Compatibility, Deprecation, and Migration Plan

  • By default "max.compaction.lag.ms" is set to MAX_LONG and this timely compaction max compaction lag rule will not lead to additional log compaction.  There are no compatibility issues and no migration is required. 

Performance impact

  • Kafka already collects compaction metrics (CleanerStats) that include how many bytes that are read/written during each compaction run and how long does it take to compact a log partition. We can also determine the frequency of log compaction by looking at how frequent compaction metrics are recorded. Those metrics can be used to measure the performance impact when adapting this KIP.  In addition, if a log partition If a log partition already gets compacted once per day before this KIP,  setting the log compaction time interval to more than one day should have little impact on the amount of resource spent on compaction since the existing log compaction configuration (e.g., min dirty ratio) will trigger log compaction before "max.compaction.lag.ms".   The added metric "num-logs-compacted-by-max-compaction-delay-lagsecs" can be used to determine how many log whether there are some partitions are actually determined by "max.compaction.lag.ms" to be compacted.  

...

  • One way to force compaction on any cleanable log segment is setting “min.cleanable.dirty.ratio” to 0. However, compacting a log partition whenever a segment become cleanable (controlled by "min.compaction.lag.ms") is very expensive.  We still want to accumulate some amount of log segments before compaction is kicked out.  In addition, in order to honor the max compaction lag requirement, we also need to force a roll on active segment if the required lag has passed. So the existing configuration doesn't meet requirements to ensure a maximum compaction lag.  

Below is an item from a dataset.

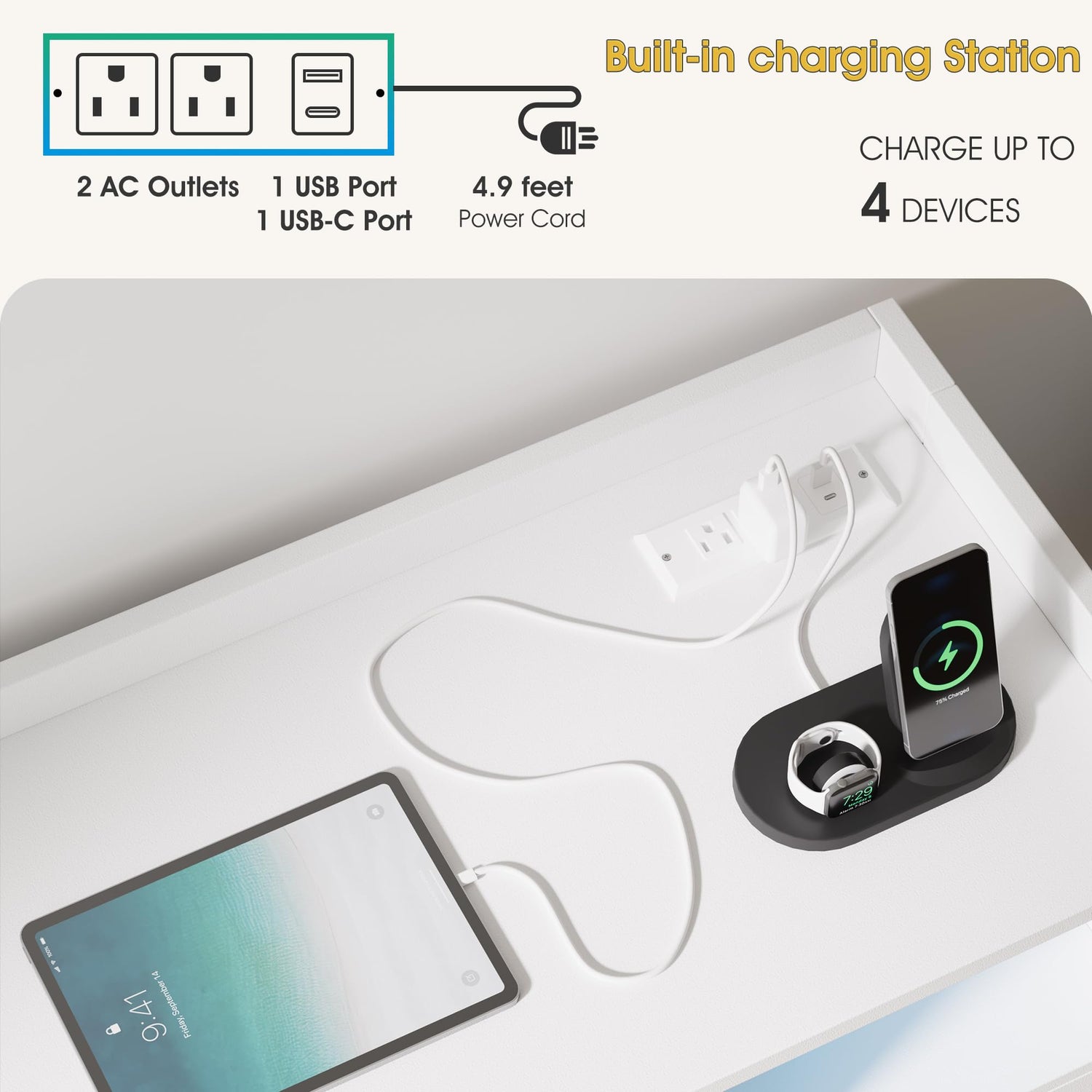 Whalefall 4-Drawer Tall Dresser with Charging Station & LED Lights - Modern Wood Chest of Drawers for Bedroom, Living Room, Hallway, or Entryway, Sturdy Storage Furniture (White)
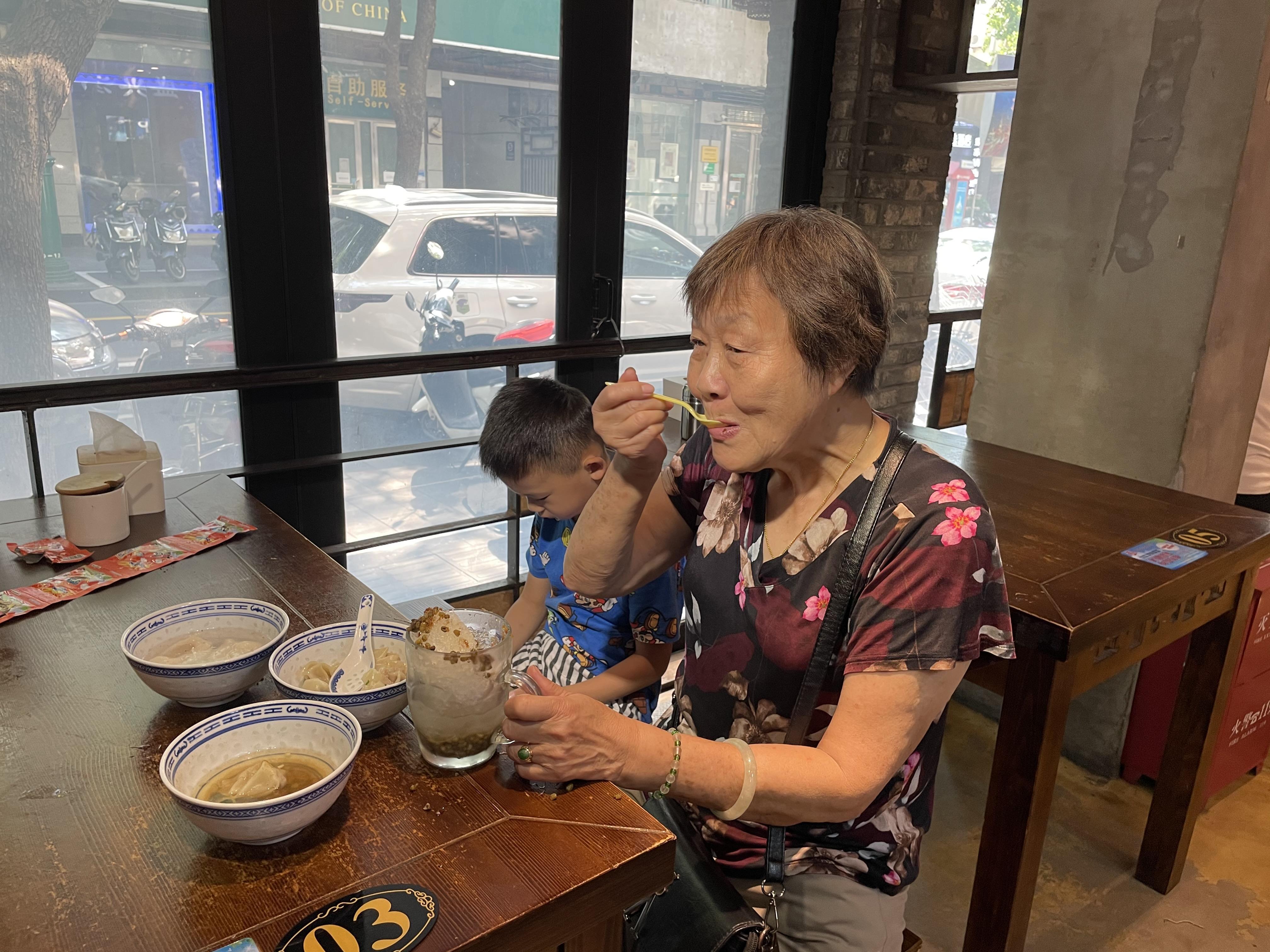 “早上我路过淮海路思南路口,发现这里新开了一家盛兴汤圆,想着是不是以前一直吃的盛兴,决定进来张望下,一眼就看到了正在包馄饨的‘胖阿姨’,以及熟悉花纹的汤碗和调羹,当即就确认是这家,先点碗全家福尝尝,里面有五个馄饨两个汤圆,吃完色色一一,再带几盒生馄饨回家。”8月11日早上,住在附近的居民林阿姨路过此处,熟悉的店名吸引了她的注意,但由于位置不同,林阿姨还小心翼翼地确认了一番,在得到肯定答复后,当即就进店体验,她欣喜地说道,“相比老店,新店环境更好了,但依然还是那个老味道。”

  • In Item 2 of the proposed change section, if first message timestamp is not available,  we use "segment.largestTimestamp - maxSegmentMs” as an estimation of earliest timestamp. The actual timestamp of the first message might be later than the estimation, but it is safe to pick up the log for compaction earlier.  However, since this estimation is not very accurate and may cause unnecessary compaction, we decide to make this feature depends on the availability of first message timestamp

  • In Item 2 of the proposed change section,  use the largestTimestamp of previous segment as an estimation of next segment's earliest timestamp.  Since the estimation may not be very accurate,  we decide to keep it simple and always use the first message timestamp as an estimation of a log segment's earliest message timestamp. 

[1]  Assuming a user sets "max.compaction.lag.ms" to M and "log.message.timestamp.difference.max.ms" to D, and the current time is "now",   in the worst case, the first message can have timestamp = (D + now), and the second message can have timestamp = (now - D).   This segment will become eligible for compaction at time (D+now+M).  The compaction delay for the second message is (D+M+D).  If we do have a huge timestamp shift between messages, the record is still bounded by (D+M+D) to become eligible for compaction.  In general, if we don't expect huge timestamp shift, we can rely on "max.compaction.lag.ms" alone to trigger a compaction after the max lag.